Let $v1_, \ldots, v_n$ be vectors in a vector space $V$ over a field $F$. Let $v \in \text{span}(v_1, \ldots, v_n)$. By the definition of span, there exist some set of coefficients $a_1, \ldots, a_n \in F$ such that 

$v = \sum\limits_{i=1}^{n} a_i v_i$

You might be curious as to whether the set of $a_i$ are unique. Is there only one combination of coefficients that produce $v$? How can we tell? The answer is to suppose the contrary. Suppose the coefficients aren't unique. Suppose there is another set of coefficients, $b_1, \ldots, b_n \in F$ such that

$v = \sum\limits_{i=1}^{n} b_i v_i$

Then we can see that

$ v = \sum\limits_{i=1}^{n} a_i v_i \\ \sum\limits_{i=1}^{n} b_i v_i = \sum\limits_{i=1}^{n} a_i v_i \\ 0 = \sum\limits_{i=1}^{n} a_i v_i - \sum\limits_{i=1}^{n} b_i v_i \\ 0 = \sum\limits_{i=1}^{n} (a_i - b_i) v_i \\ $

If the only way this sum works out is for for each $a_i$ to equal $b_i$, then the coefficients are in fact unique. It turns out that this situation of uniqueness is fairly important in linear algebra, so it has its own name.

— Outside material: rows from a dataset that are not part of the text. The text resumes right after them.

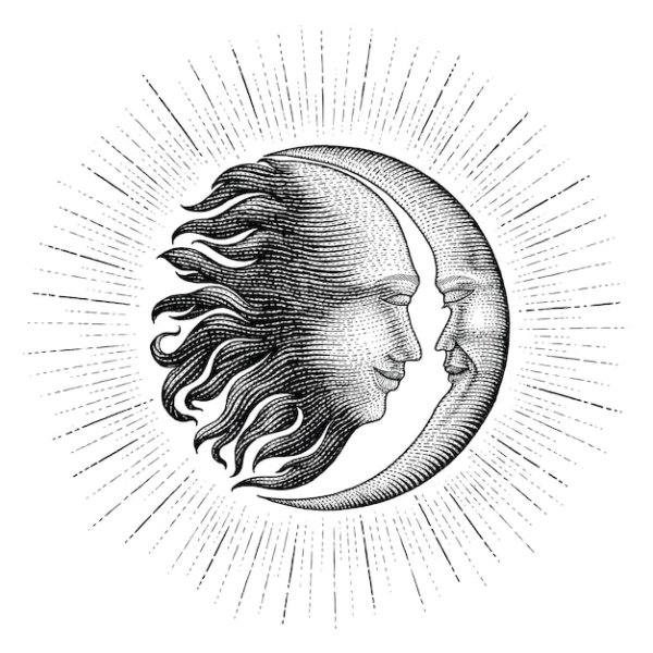 Солнце и месяц черно-белое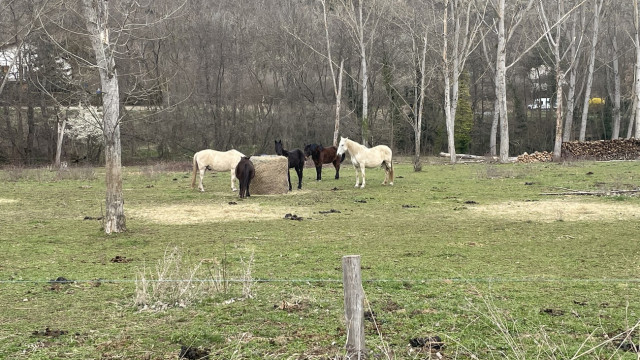 Arrivés au hameau isolé de Chazoux, un troupeau d’une quarantaine d’ânes de différentes races nous accueillit.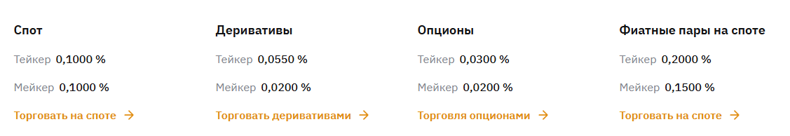 Прочая торговля к Bybit Wallet практически не имеет отношения, но ниже мы все же оставим таблицу с комиссионными удержаниями на спотовом, фьючерсном и опционном рынках: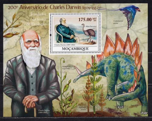 Почтовые марки. Мозамбик, 2009 г. Бл. 284. Чарльз Дарвин. Динозавры.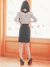 - [韓国ドレス] スカラップレース襟デザインバストカットアウトウエストベルト切替袖ありタイトミニドレス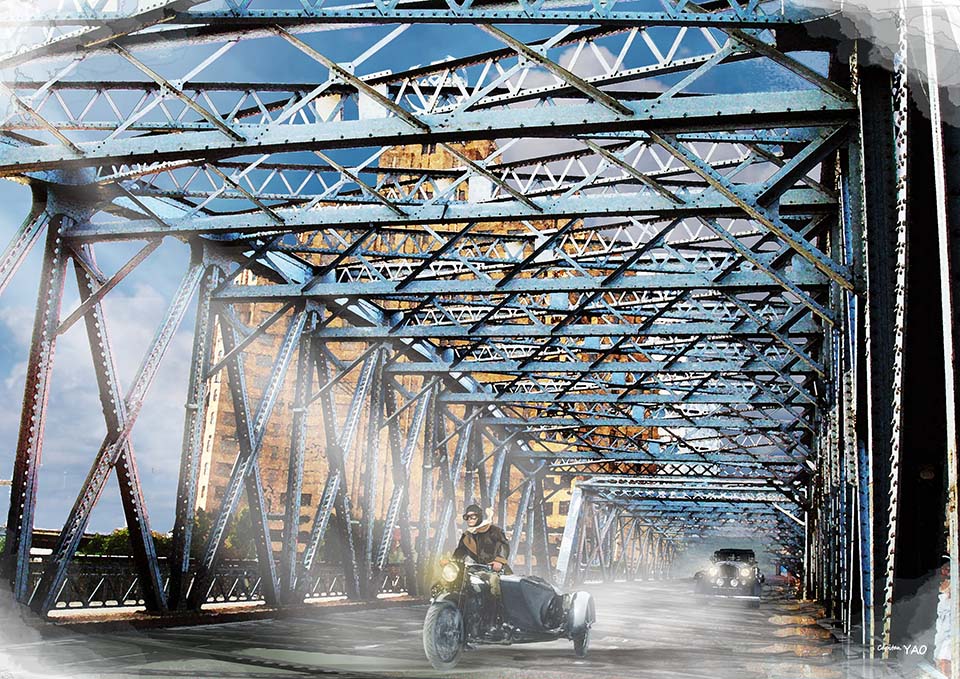 我用摩托車載著他在外灘街道上疾馳,路上車輛很少,只有後面一輛車的燈光一直緊跟著令人覺得有些討厭,到了一個窄巷口前霍尼羅夫突然說:「進去!進去!」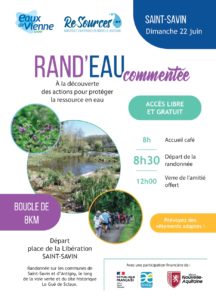 Eaux de Vienne organise une randonnée commentée à la découverte des actions mises en place pour protéger la ressource en eau. Elle aura lieu le dimanche 22 juin à 8h00. La boucle de 8 km passera par les communes de Saint Savin et d’Antigny et sera ponctuée d’interventions d’acteurs du territoire : agriculteurs et animateurs ??.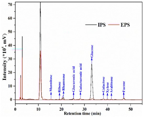Table 3 shows the chemical compositions of IPS and EPS. Both IPS and EPS contained more than 65% total sugars and less than 5% protein. The phenolic content in IPS (7.3%) was higher than in EPS, indicating a stronger antioxidant capacity. The carbohydrates present in both IPS and EPS but in different ratios (Figure 4) included mannitol, ribose, rhamnose, glucuronic acid, galacturonic acid, glucose, galactose, xylose, and fucose. However, the proportion of each monosaccharide content was statistically significantly different in IPS vs. EPS (Table 3). IPS’s main monosaccharides were glucose (83.62%), rhamnose (4.42%), fucose (3.25%), and glucuronic acid (2.39%). In comparison, EPS contained mainly fucose (19.99%), rhamnose (15.61%), glucose (14.75%), galacturonic acid (11.13%), and galactose (10.78%) content, and had a lower molecular weight (185.13 kDa). This indicated that IPS may have a higher viscosity than EPS []. These differences in monosaccharide content and Mw between PSP fractions point to remarkably distinct functional properties and potential when used as food additives e.g., as thickening stabilizers.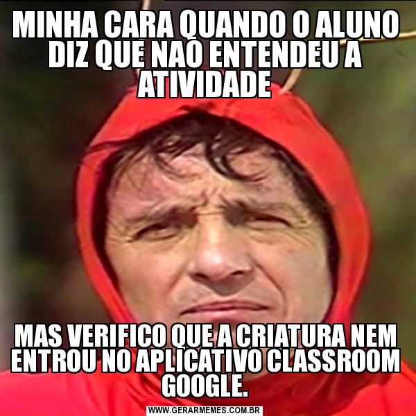 MINHA CARA QUANDO O ALUNO DIZ QUE NAO ENTENDEU A ATIVIDADE MAS VERIFICO QUE A CRIATURA NEM ENTROU NO APLICATIVO CLASSROOM GOOGLE.
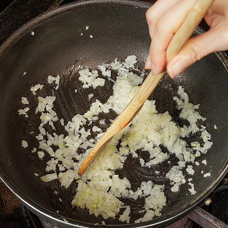 手順5-1鍋にオリーブオイルを温め、4のにんにくを入れて香りがしたら玉ねぎを入れ、透き通るまで炒める。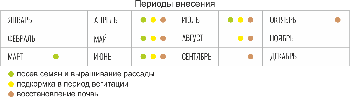 Назначение: Применяется во всех почвенно-климатических зонах как источник основных питательных веществ для любых садово-огородных культур. Особенно эффективно на кислых почвах с нарушенной структурой, заиливающихся, склонных к образованию почвенной корки после поливов и дождей.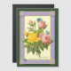 Een magnetkaart met een antiek reproductie van roze en gele rozenbloemen botanisch kunstwerk van de beroemde kunstenaar Pierre Redoute met blauwe vlinders. Het faux-lijst wordt gemaakt met de tekens van printers in golds op blauw tegen een diepe groene achtergrond van het faux canvas.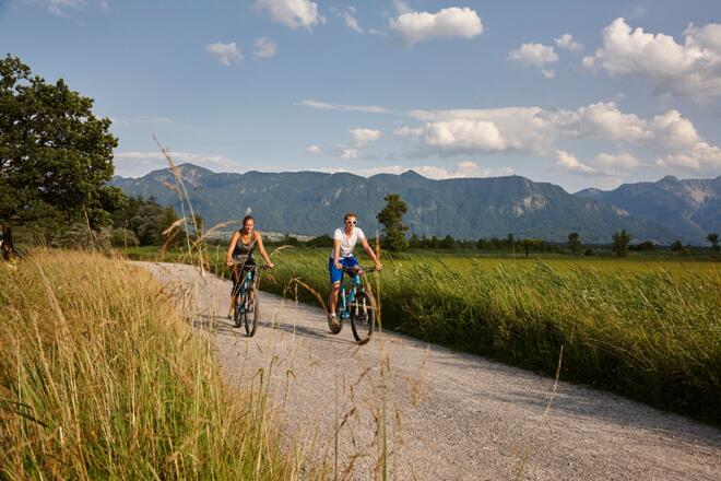 Landschaftlich reizvolle Tour entlang der Loisach mit Alpenpanoramablick und durch das Naturschutzgebiet Murnauer Moos.

A set of vectors $v_1, \ldots, v_n$ in a vector space $V$ over a field $F$ is linearly independent if the only values of $c_1, \ldots, c_n \in F$ that make $c_1v_1 + \ldots + c_nv_n$ equal $0$ are $c_1=\ldots=c_n=0$. The empty set is defined to be linearly independent.

A set of vectors are linearly dependent if they are not linearly independent.


Problems

  1. Explain why a set of vectors containing $0$ is never linearly independent.

    Linear independence requires that there be only one combination of coefficients that makes the set of vectors sum to $0$. However, the $0$ vector can have any coefficient from the field. 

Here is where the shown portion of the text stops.